*What to work on*
Every line below is to be set down again exactly; any image stays out.

*Source material*

BEGIN

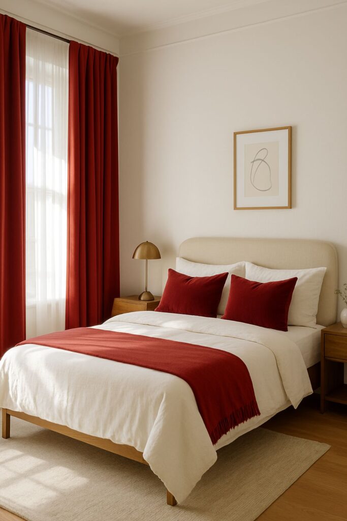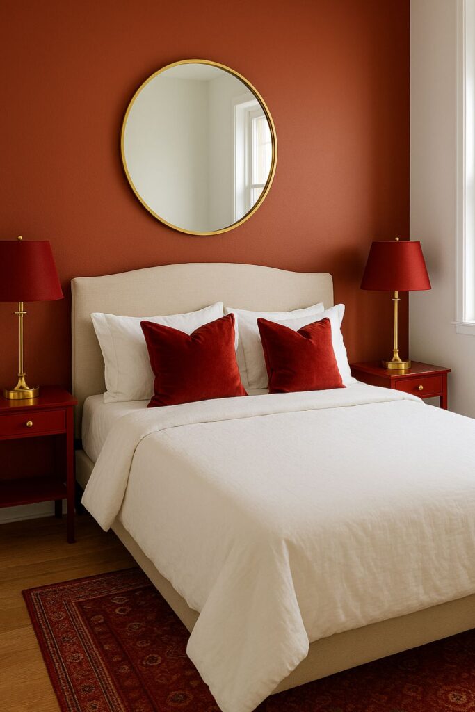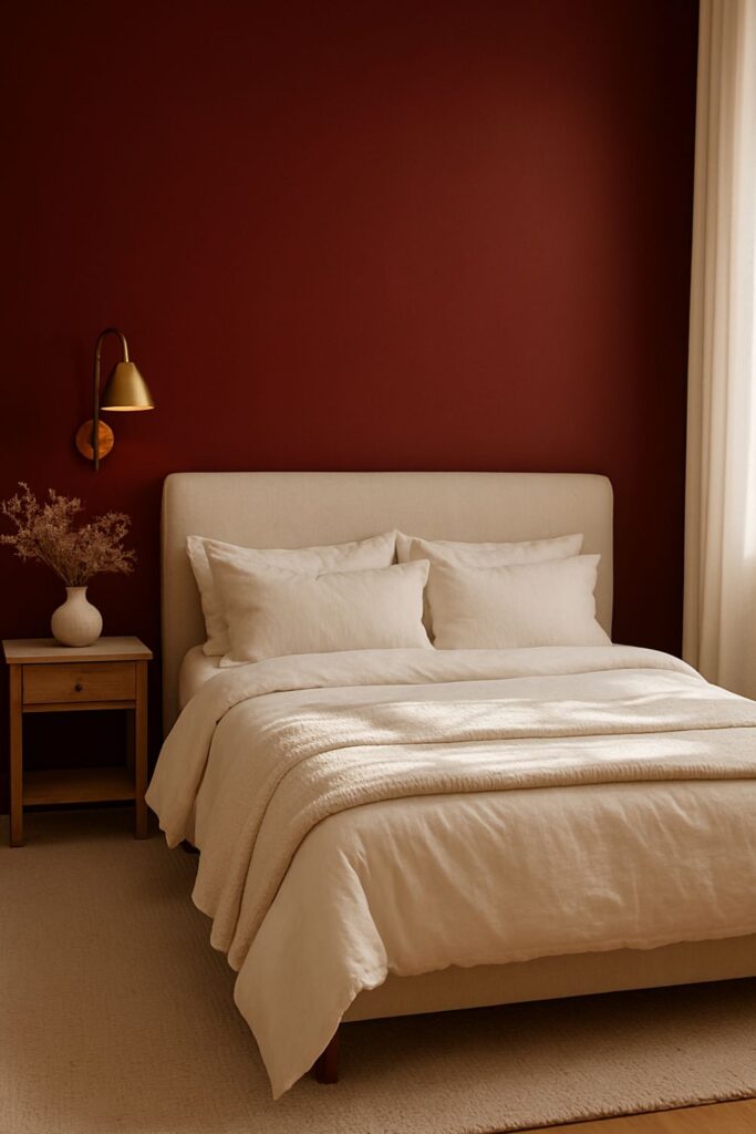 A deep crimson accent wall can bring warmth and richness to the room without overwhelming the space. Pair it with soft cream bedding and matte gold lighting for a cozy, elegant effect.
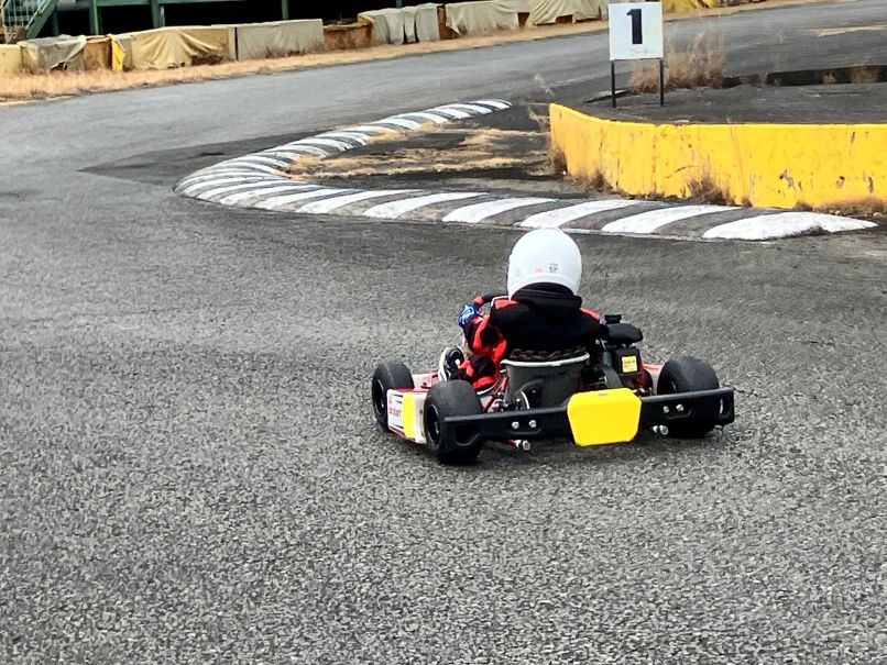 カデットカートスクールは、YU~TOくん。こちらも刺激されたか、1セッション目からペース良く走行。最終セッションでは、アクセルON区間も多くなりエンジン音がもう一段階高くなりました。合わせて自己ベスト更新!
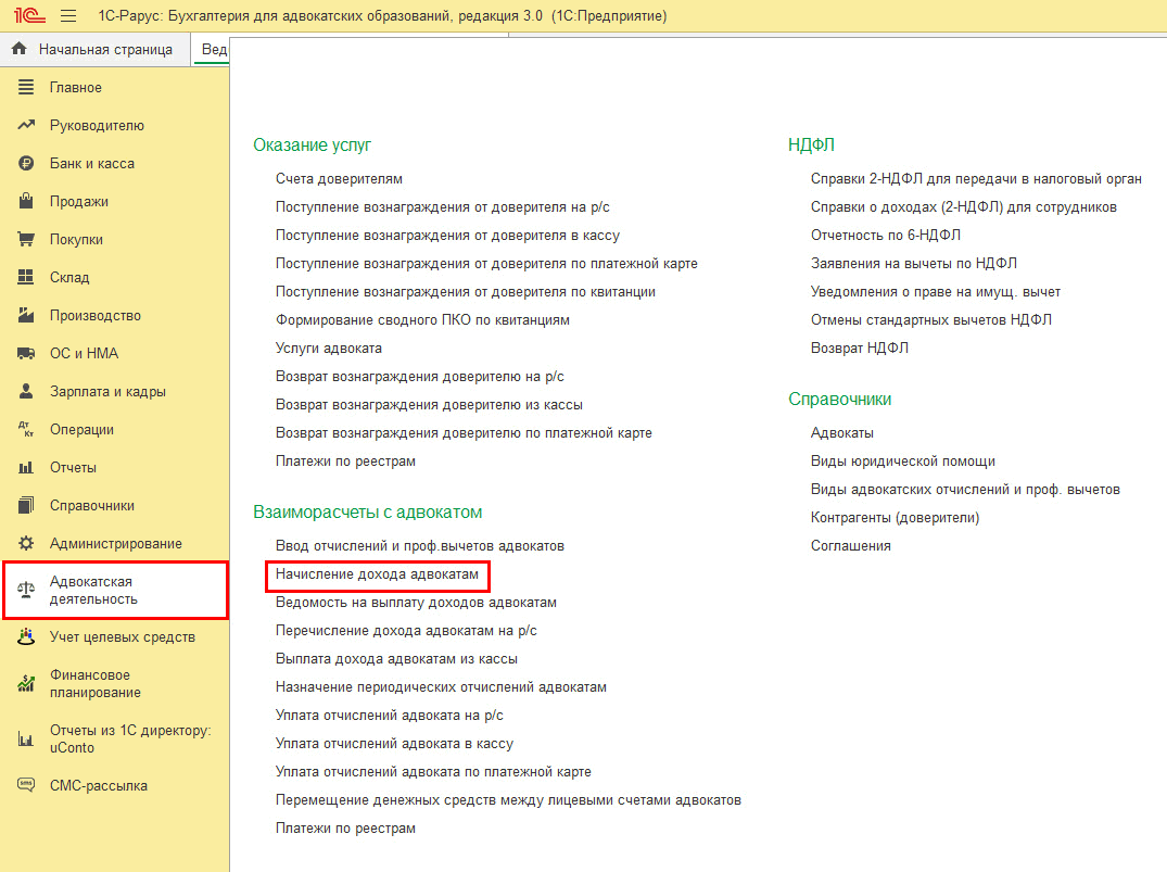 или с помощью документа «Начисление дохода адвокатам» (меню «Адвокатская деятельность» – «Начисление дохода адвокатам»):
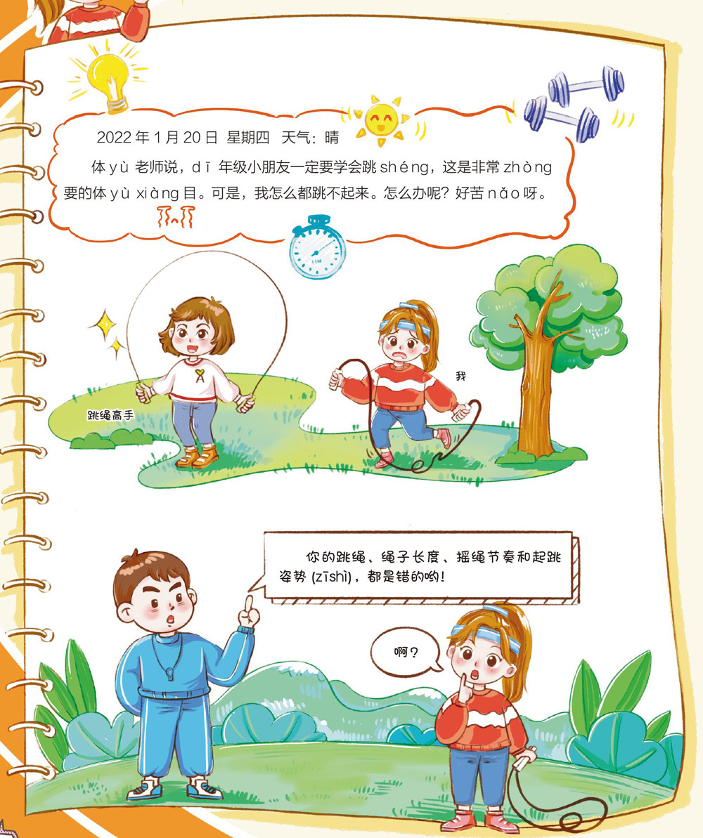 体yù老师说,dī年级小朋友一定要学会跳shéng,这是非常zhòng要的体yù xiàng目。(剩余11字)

END

*Solution to this exercise*
 A deep crimson accent wall can bring warmth and richness to the room without overwhelming the space. Pair it with soft cream bedding and matte gold lighting for a cozy, elegant effect.
 カデットカートスクールは、YU~TOくん。こちらも刺激されたか、1セッション目からペース良く走行。最終セッションでは、アクセルON区間も多くなりエンジン音がもう一段階高くなりました。合わせて自己ベスト更新!
 или с помощью документа «Начисление дохода адвокатам» (меню «Адвокатская деятельность» – «Начисление дохода адвокатам»):
 体yù老师说,dī年级小朋友一定要学会跳shéng,这是非常zhòng要的体yù xiàng目。(剩余11字)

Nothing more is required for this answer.